Wegen verbleibender Zweifel hat der BFH das Verfahren ausgesetzt und dem EuGH folgende Rechtsfrage zur Vorabentscheidung vorgelegt:
"Steht Art. 56 des Vertrags zur Gründung der Europäischen Gemeinschaft (jetzt: Art. 63 des Vertrags über die Arbeitsweise der Europäischen Union) der Regelung eines Mitgliedstaats entgegen, der zufolge inländische Spezial-Immobilienfonds mit ausschließlich ausländischen Anlegern von der Körperschaftsteuer befreit sind, während ausländische Spezial-Immobilienfonds mit ausschließlich ausländischen Anlegern hinsichtlich ihrer im Inland erzielten Vermietungseinkünfte der beschränkten Körperschaftsteuerpflicht unterliegen?"

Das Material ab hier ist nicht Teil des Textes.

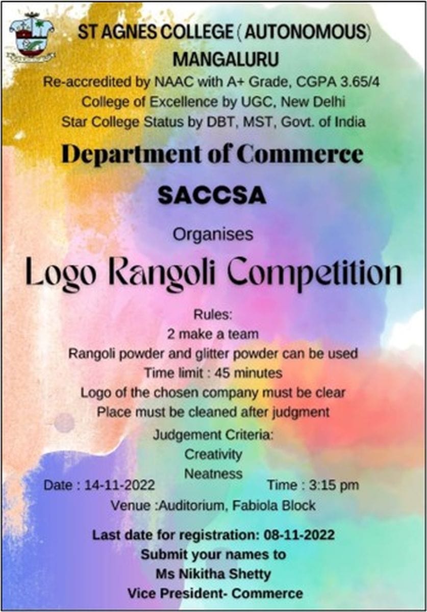 The Logo Rangoli Competition was held on 14 November 2022, at St Agnes College (Autonomous), Mangaluru in the old Auditorium. This competition was organized by the Department of Commerce to showcase the creativity and talent of students. The participants created unique and stunning logo rangolis using their creative skills. The rangolis were judged on their creativity, color combination, and neatness.

Ein entscheidendes Kriterium sieht der BFH in Beantwortung der Frage, ob der Ausschluss des Klägers von der Steuerbefreiung des § 11 Abs. 1 Satz 2 InvStG 2004 zur Wahrung der Kohärenz des Steuersystems gerechtfertigt sein könnte. Nach der zu Fonds ergangenen Rechtsprechung des EuGH könne ein auf diesen Rechtfertigungsgrund gestütztes Argument nur Erfolg haben, wenn ein unmittelbarer Zusammenhang zwischen dem betreffenden steuerlichen Vorteil und dessen Ausgleich durch eine bestimmte steuerliche Belastung besteht. Ein solcher unmittelbarer Zusammenhang könnte im Streitfall darin zu sehen sein, dass die Steuerbefreiung des inländischen Spezialimmobilienfonds ausgeglichen wird durch den im Wege der Volltransparenz gemäß § 15 Abs. 2 Satz 2 InvStG 2004 gegebenen unmittelbaren Besteuerungsdurchgriff auf die ausländischen institutionellen Anleger (Rz. 67 ff.)
Update (16. November 2020)
Das Az. des EuGH für das Vorabentscheidungsersuchen I R 33/17 des BFH lautet C-537/20.
Fundstelle
BFH, EuGH-Vorlage vom 18. Dezember 2019 (I R 33/17), veröffentlicht am 22. Oktober 2020.